## [Your assignment]
Emit a verbatim copy of the lines below from the line with "happiness asian lover" through the line with "Arrêt qui appointe", excluding pictures and everything outside that range.

=== Material to process ===

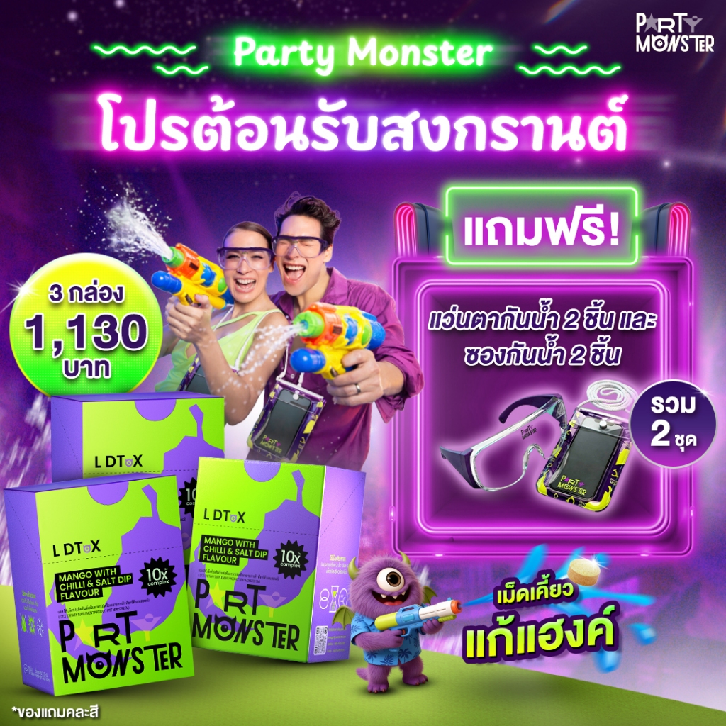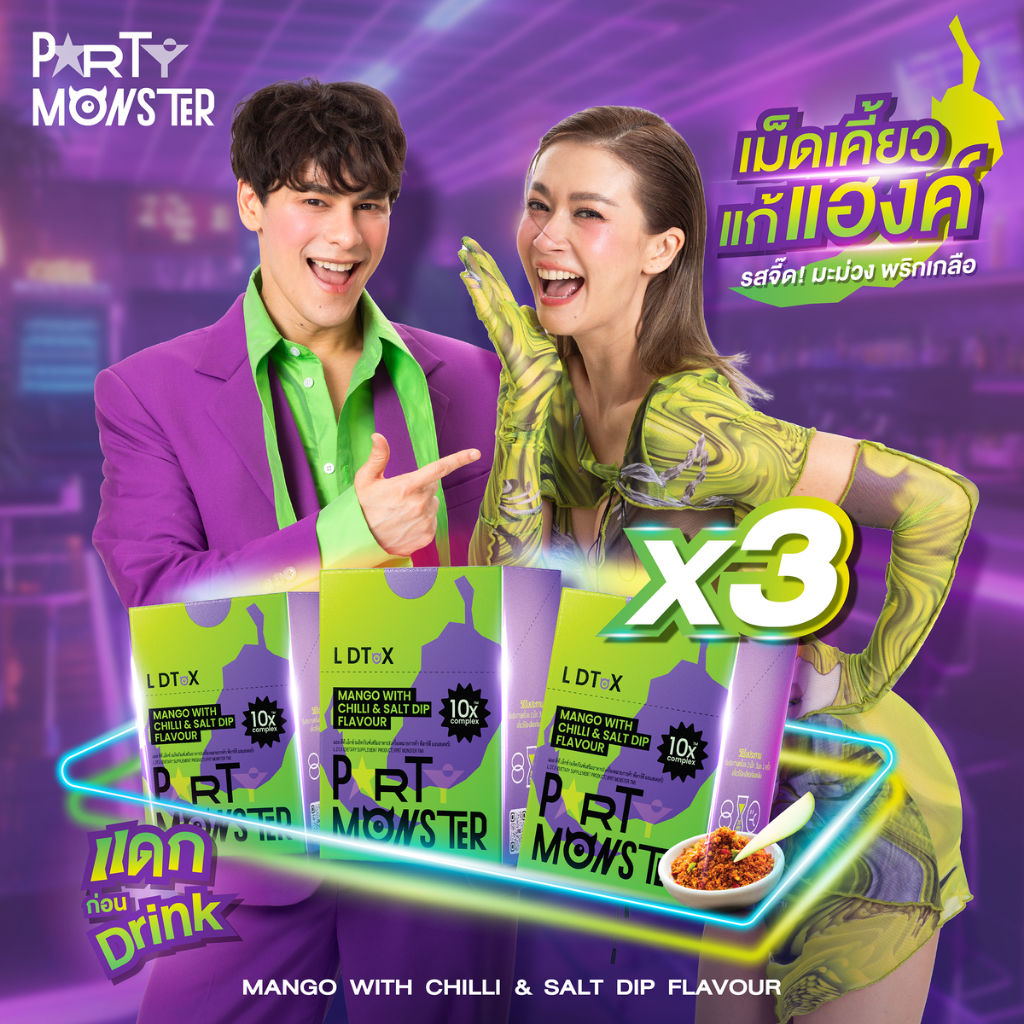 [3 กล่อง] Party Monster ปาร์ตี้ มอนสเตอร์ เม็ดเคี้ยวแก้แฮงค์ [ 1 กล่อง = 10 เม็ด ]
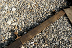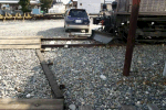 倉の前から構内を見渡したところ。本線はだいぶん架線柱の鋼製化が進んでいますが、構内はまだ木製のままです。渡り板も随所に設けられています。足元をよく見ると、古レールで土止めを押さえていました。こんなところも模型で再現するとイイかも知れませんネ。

===
=== Material to process ===

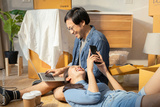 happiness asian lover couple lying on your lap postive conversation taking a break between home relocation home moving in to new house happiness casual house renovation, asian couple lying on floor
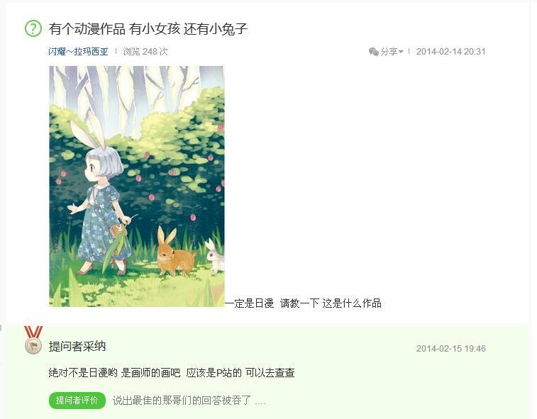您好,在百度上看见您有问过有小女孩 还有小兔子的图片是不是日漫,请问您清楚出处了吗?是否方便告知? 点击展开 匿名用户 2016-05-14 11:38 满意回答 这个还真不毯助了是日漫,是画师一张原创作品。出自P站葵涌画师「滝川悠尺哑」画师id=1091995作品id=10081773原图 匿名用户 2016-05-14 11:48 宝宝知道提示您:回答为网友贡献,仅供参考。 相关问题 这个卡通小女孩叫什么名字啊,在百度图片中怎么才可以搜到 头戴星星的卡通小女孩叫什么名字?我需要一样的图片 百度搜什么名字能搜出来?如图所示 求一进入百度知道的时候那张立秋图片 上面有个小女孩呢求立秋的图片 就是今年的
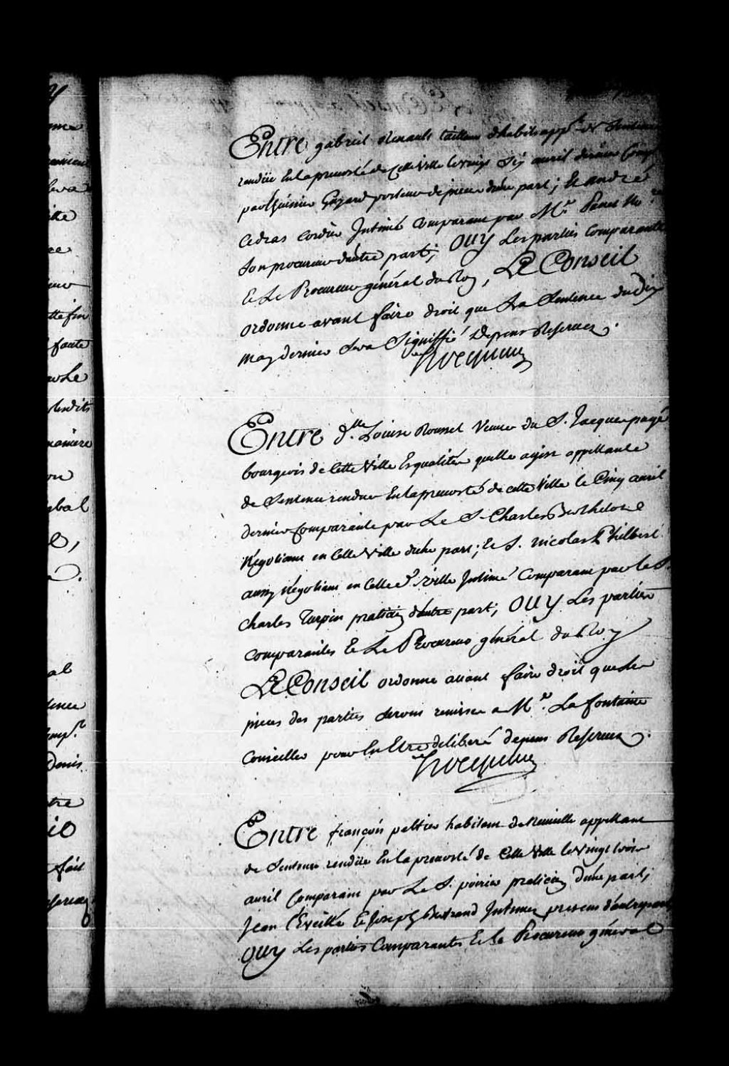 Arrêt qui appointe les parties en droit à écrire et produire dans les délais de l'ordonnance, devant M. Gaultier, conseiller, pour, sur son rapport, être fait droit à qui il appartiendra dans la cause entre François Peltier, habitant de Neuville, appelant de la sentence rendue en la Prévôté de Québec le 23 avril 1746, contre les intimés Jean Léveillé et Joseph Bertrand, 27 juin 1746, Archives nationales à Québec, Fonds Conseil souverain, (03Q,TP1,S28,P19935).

===

## [Solution to the problem]
 happiness asian lover couple lying on your lap postive conversation taking a break between home relocation home moving in to new house happiness casual house renovation, asian couple lying on floor
您好,在百度上看见您有问过有小女孩 还有小兔子的图片是不是日漫,请问您清楚出处了吗?是否方便告知? 点击展开 匿名用户 2016-05-14 11:38 满意回答 这个还真不毯助了是日漫,是画师一张原创作品。出自P站葵涌画师「滝川悠尺哑」画师id=1091995作品id=10081773原图 匿名用户 2016-05-14 11:48 宝宝知道提示您:回答为网友贡献,仅供参考。 相关问题 这个卡通小女孩叫什么名字啊,在百度图片中怎么才可以搜到 头戴星星的卡通小女孩叫什么名字?我需要一样的图片 百度搜什么名字能搜出来?如图所示 求一进入百度知道的时候那张立秋图片 上面有个小女孩呢求立秋的图片 就是今年的
 Arrêt qui appointe les parties en droit à écrire et produire dans les délais de l'ordonnance, devant M. Gaultier, conseiller, pour, sur son rapport, être fait droit à qui il appartiendra dans la cause entre François Peltier, habitant de Neuville, appelant de la sentence rendue en la Prévôté de Québec le 23 avril 1746, contre les intimés Jean Léveillé et Joseph Bertrand, 27 juin 1746, Archives nationales à Québec, Fonds Conseil souverain, (03Q,TP1,S28,P19935).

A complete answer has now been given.